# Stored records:

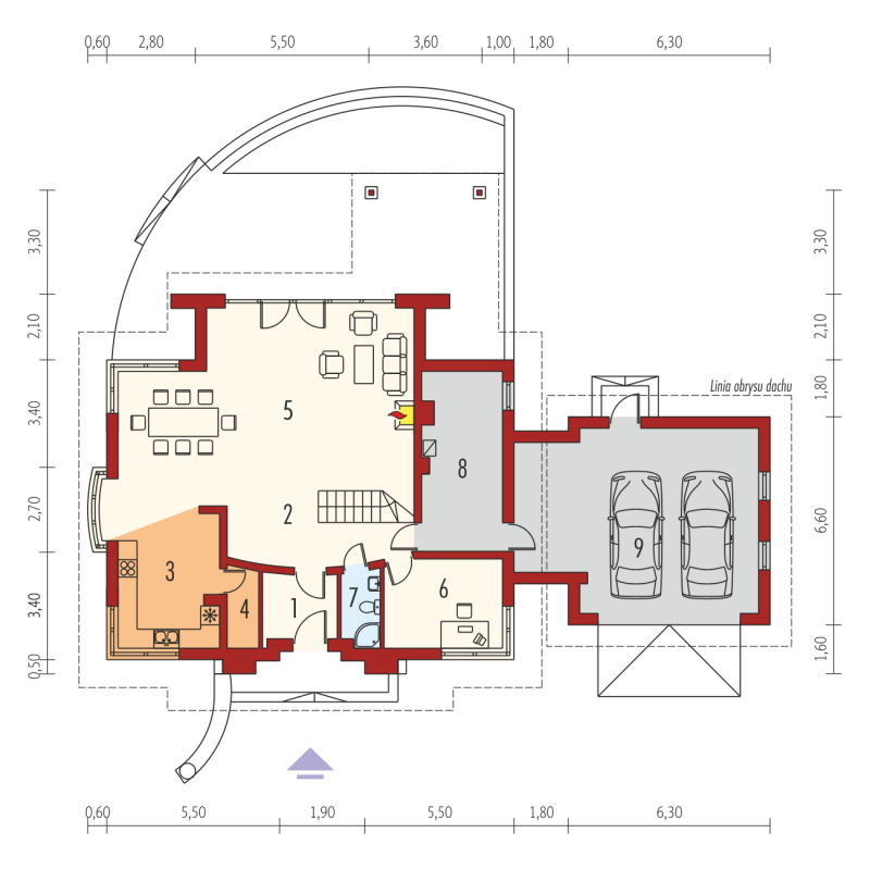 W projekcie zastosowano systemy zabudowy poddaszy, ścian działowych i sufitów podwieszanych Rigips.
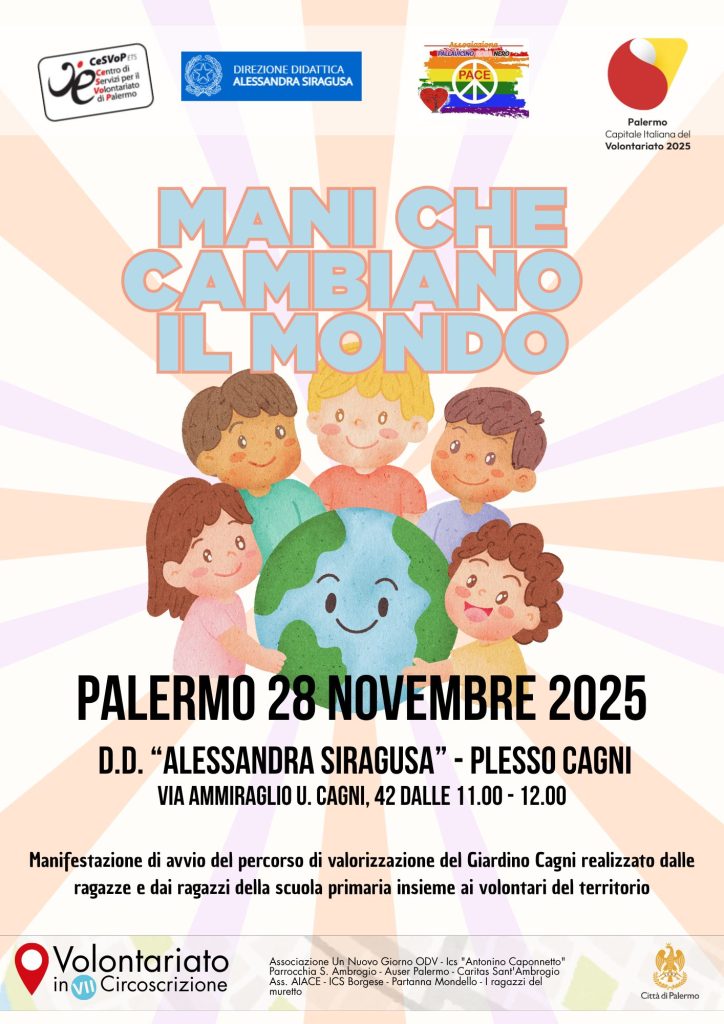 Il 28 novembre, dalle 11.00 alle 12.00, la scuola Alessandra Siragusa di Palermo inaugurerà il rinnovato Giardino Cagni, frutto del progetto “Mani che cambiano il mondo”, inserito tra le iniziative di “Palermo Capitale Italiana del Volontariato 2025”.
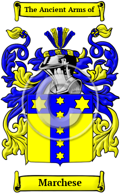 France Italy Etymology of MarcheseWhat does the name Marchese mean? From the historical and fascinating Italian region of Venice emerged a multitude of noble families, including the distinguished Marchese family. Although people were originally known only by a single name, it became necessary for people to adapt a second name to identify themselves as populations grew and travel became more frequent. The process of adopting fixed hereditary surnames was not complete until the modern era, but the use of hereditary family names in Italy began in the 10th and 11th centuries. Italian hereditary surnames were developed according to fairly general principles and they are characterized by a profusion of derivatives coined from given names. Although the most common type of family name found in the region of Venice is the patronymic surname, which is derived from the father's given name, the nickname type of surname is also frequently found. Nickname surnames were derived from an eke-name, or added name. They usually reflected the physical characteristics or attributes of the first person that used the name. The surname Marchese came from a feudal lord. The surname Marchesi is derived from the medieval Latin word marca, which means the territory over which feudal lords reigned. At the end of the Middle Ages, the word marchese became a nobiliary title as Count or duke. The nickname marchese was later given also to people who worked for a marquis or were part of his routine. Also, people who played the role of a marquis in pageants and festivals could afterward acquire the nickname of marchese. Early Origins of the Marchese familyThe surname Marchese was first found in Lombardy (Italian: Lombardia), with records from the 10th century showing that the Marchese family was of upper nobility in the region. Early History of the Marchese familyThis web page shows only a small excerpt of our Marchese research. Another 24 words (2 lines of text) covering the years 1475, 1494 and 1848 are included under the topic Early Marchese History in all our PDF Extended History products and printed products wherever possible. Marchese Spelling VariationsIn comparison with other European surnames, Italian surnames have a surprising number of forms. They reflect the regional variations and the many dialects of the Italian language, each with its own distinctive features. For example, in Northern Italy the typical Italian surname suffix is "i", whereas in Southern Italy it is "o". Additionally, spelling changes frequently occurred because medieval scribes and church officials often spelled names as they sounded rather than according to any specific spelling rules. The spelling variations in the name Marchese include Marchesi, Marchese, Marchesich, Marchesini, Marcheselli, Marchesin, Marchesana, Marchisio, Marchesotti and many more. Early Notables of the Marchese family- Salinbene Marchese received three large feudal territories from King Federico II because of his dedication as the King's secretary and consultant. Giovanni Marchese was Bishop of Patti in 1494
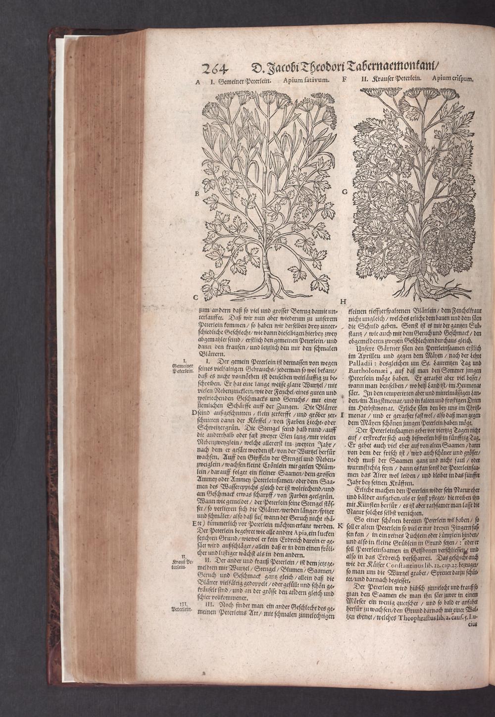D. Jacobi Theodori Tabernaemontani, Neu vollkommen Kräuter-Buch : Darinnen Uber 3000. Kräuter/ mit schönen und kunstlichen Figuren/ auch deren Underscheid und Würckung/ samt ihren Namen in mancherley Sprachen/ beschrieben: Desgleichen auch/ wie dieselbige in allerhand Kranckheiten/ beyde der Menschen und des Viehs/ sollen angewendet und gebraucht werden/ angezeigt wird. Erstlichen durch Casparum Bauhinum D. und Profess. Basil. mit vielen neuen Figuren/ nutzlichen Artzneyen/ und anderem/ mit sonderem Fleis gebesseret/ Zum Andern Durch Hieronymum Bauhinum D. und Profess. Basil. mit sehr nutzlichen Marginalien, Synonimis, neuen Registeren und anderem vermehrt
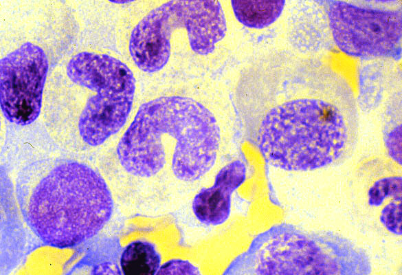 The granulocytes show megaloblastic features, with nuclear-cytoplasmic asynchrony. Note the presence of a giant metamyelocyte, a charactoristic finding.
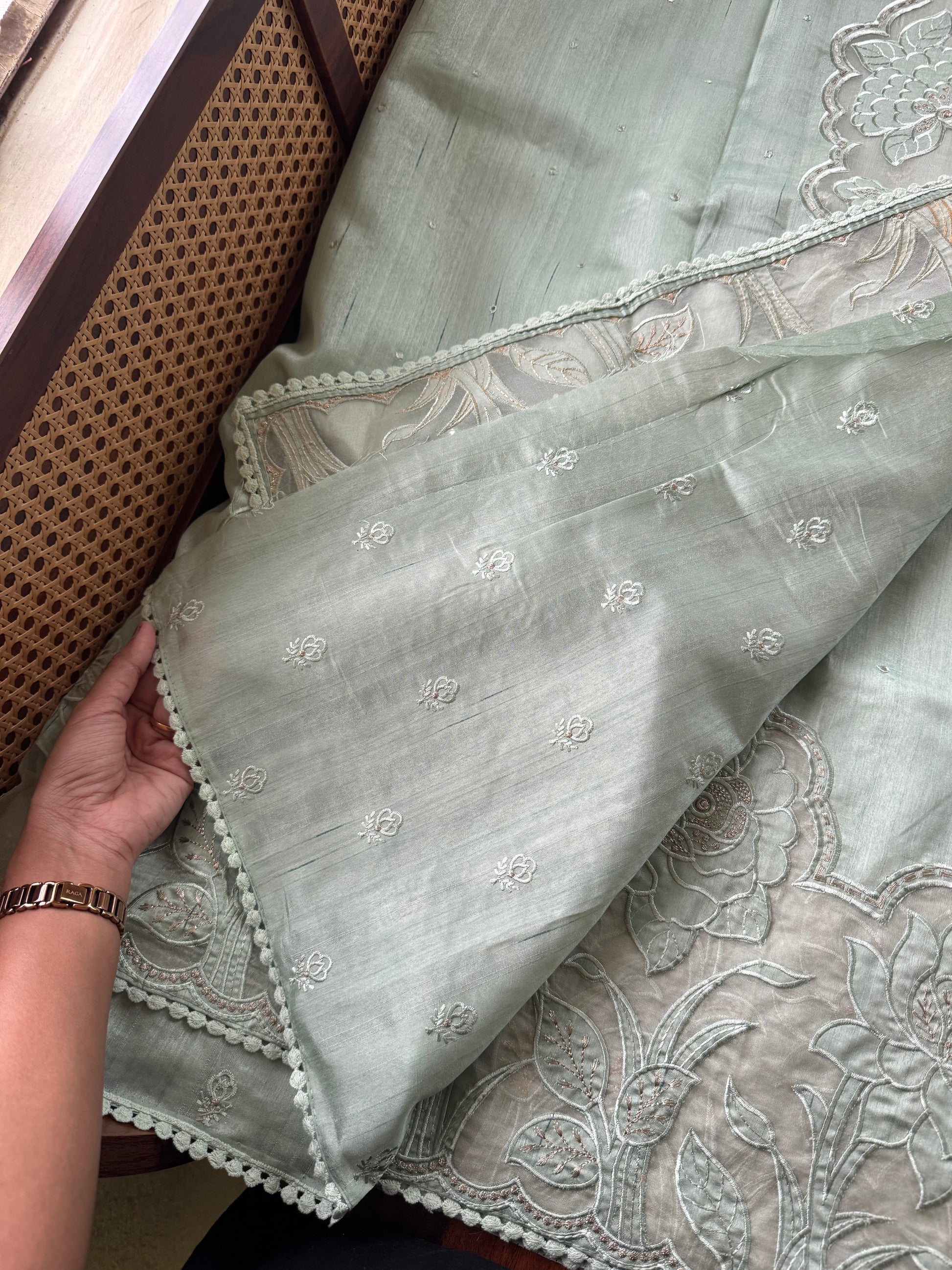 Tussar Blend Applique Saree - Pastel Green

# Problem details:
Only the lines from the one containing "D. Jacobi Theodori" through the last line of the records above should be repeated, exactly and without pictures.

# Finished exercise:
D. Jacobi Theodori Tabernaemontani, Neu vollkommen Kräuter-Buch : Darinnen Uber 3000. Kräuter/ mit schönen und kunstlichen Figuren/ auch deren Underscheid und Würckung/ samt ihren Namen in mancherley Sprachen/ beschrieben: Desgleichen auch/ wie dieselbige in allerhand Kranckheiten/ beyde der Menschen und des Viehs/ sollen angewendet und gebraucht werden/ angezeigt wird. Erstlichen durch Casparum Bauhinum D. und Profess. Basil. mit vielen neuen Figuren/ nutzlichen Artzneyen/ und anderem/ mit sonderem Fleis gebesseret/ Zum Andern Durch Hieronymum Bauhinum D. und Profess. Basil. mit sehr nutzlichen Marginalien, Synonimis, neuen Registeren und anderem vermehrt
 The granulocytes show megaloblastic features, with nuclear-cytoplasmic asynchrony. Note the presence of a giant metamyelocyte, a charactoristic finding.
 Tussar Blend Applique Saree - Pastel Green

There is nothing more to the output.